§ EXERCISE DETAILS: Give back exactly the lines of the material below that start at the line containing "بروتوكول تعاون بين" and end at the line containing "NHUNG TUYẾT THÊU", and no others.

§ WORKING DATA:
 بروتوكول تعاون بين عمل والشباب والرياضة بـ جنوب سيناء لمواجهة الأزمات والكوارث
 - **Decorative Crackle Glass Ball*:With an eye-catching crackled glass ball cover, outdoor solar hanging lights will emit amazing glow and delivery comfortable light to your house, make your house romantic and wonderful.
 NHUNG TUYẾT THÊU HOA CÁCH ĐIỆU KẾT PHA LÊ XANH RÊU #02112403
---
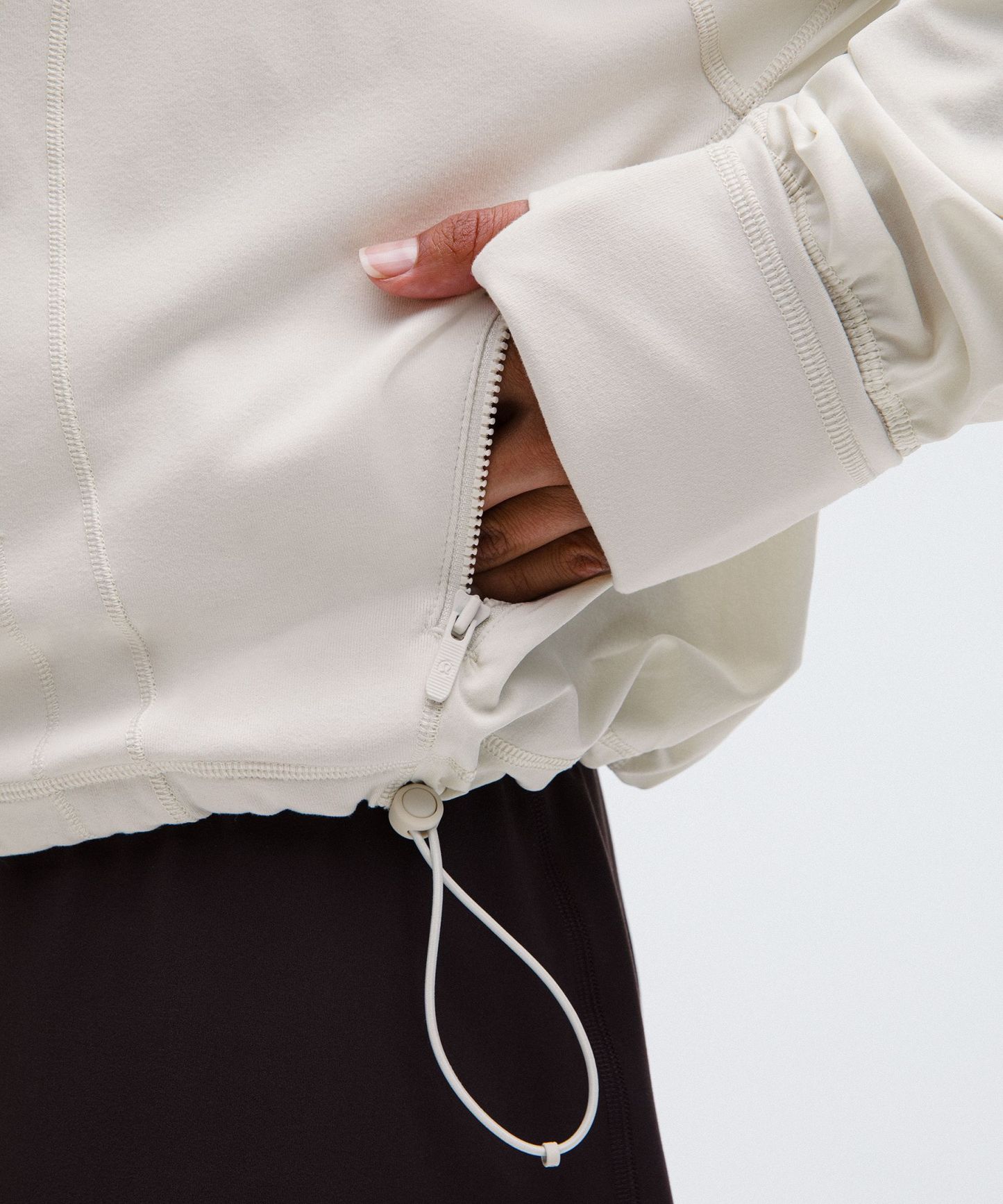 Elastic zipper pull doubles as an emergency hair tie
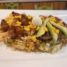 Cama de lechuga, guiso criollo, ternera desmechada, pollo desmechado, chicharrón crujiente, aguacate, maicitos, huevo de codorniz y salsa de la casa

§ ANSWER SPACE:
 بروتوكول تعاون بين عمل والشباب والرياضة بـ جنوب سيناء لمواجهة الأزمات والكوارث
 - **Decorative Crackle Glass Ball*:With an eye-catching crackled glass ball cover, outdoor solar hanging lights will emit amazing glow and delivery comfortable light to your house, make your house romantic and wonderful.
 NHUNG TUYẾT THÊU HOA CÁCH ĐIỆU KẾT PHA LÊ XANH RÊU #02112403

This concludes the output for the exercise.